Candidato do PSL à Presidência da República, Jair Bolsonaro, declarou o seguinte no último dia 30 de julho, em entrevista ao Programa Roda Viva, da TV Cultura: “Não vou falar que vou acabar [com as cotas], porque depende do Congresso. Quem sabe a diminuição do percentual. Não só para universidade, mas para concurso público. Pelo amor de Deus, vamos acabar com essa divisão no Brasil.”

Entenda o contexto

As cotas para o ingresso nas universidades federais e instituições federais de ensino técnico de nível médio são definidas pela Lei 12.711, de 29 de agosto de 2012. A lei determina que 50% das vagas de cada seleção sejam reservadas para estudantes que tenham cursado integralmente o ensino médio ou o fundamental, em escolas públicas.

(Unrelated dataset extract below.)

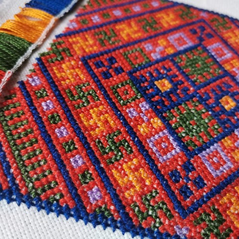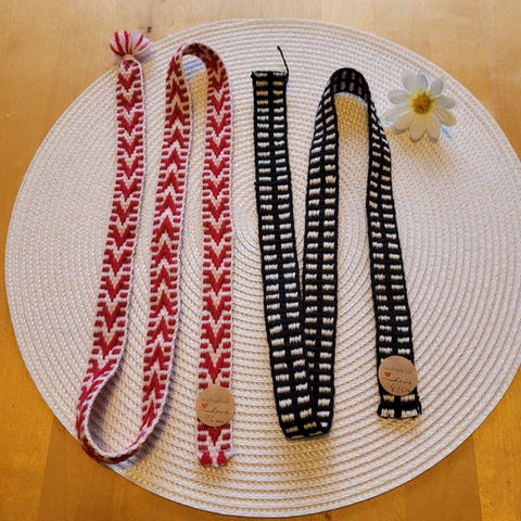 Punavalkoista käsinkudottua pirtanauhaa, metritavarana

Dentro desse percentual, metade das vagas devem ser reservadas aos estudantes cujas famílias têm renda igual ou inferior a 1,5 salário mínimo por pessoa (R$ 1.431, no momento). As cotas raciais também entram nessa conta e são proporcionais à população de pretos, pardos e indígenas de cada unidade da federação, de acordo com o último censo do IBGE.

Já a Lei 12.990, de 9 de junho de 2014, reserva 20% das vagas oferecidas em concursos públicos de órgãos da administração pública federal, autarquias, fundações e empresas públicas e de economia mista controladas pela União, a candidatos autodeclarados pretos ou pardos. Embora a lei federal para a área de educação seja de 2012, políticas de cotas começaram a ser adotadas em universidades brasileiras em 2003. A pioneira foi a Universidade Estadual do Rio de Janeiro. De acordo com o Censo da Educação Superior, feito pelo Instituto Nacional de Estudos e Pesquisas Educacionais Anísio Teixeira (Inep), o percentual de matriculados negros nas universidades públicas federais saltou de 20%, em 2011, para 40%, em 2016.

Como o candidato vai cumprir a promessa

A reportagem procurou várias vezes, por meio de telefonemas, emails e mensagens via WhatsApp, a campanha de Bolsonaro, mas não recebeu informações de como o candidato pretende executar essa proposta de campanha.

O que pode ser feito

O professor da FGV Direito SP, Thiago Amparo, afirma que o presidente da República e seus ministros não podem, por decreto ou portaria ministerial, alterar uma lei aprovada pelo Congresso Nacional. A mudança também não pode ser feita por Medida Provisória, pois esse instrumento legislativo só pode ser usado quando o assunto requer urgência. E mesmo a Medida Provisória precisa ser votada pelo Congresso. Assim, para acabar ou reduzir o percentual de cotas nas universidades e concursos públicos federais, é necessário o envio ao Congresso de projetos de lei que alterem a legislação em vigor.

Para aprovação, é preciso que 257 deputados estejam no plenário e metade mais um deles concorde. Depois, o projeto de lei segue para o Senado, onde é necessário que 41 senadores estejam presentes e metade mais um aprove. As votações são feitas separadamente. Se isso ocorresse, eventuais mudanças não valeriam para as regras de cotas aplicadas nas instituições estaduais e municipais, seja para ingresso de estudantes ou de profissionais via concurso público. Quem manda, nestes casos, são as Assembleias Legislativas e Câmaras Municipais, respectivamente.

O professor da FGV alerta ainda que alterações na legislação atual poderiam ser questionadas no Supremo Tribunal Federal (STF). Isso porque o tribunal já reconheceu a constitucionalidade da reserva de vagas para negros no ingresso nas universidades públicas, em 2012, e nos concursos públicos, em 2017.

Há projetos em tramitação com essa proposta?

Hoje tramitam em conjunto dois projetos de lei que, se aprovados, poderiam restringir as cotas apenas ao critério social. São eles: o PL 2.525, de 2011, de autoria do deputado federal Carlos Manato (PDT-ES), que determina reserva de 20% das vagas de concursos públicos federais para candidatos de baixa e renda, e o PL 5.008, de 2016, do deputado Vinicius Carvalho (PRB-SP), que estabelece a cota social como único critério de seleção para ingresso na educação pública superior e em concurso, eliminando as cotas raciais. Os projetos aguardam análise na Comissão de Trabalho, de Administração e Serviço Público da Câmara.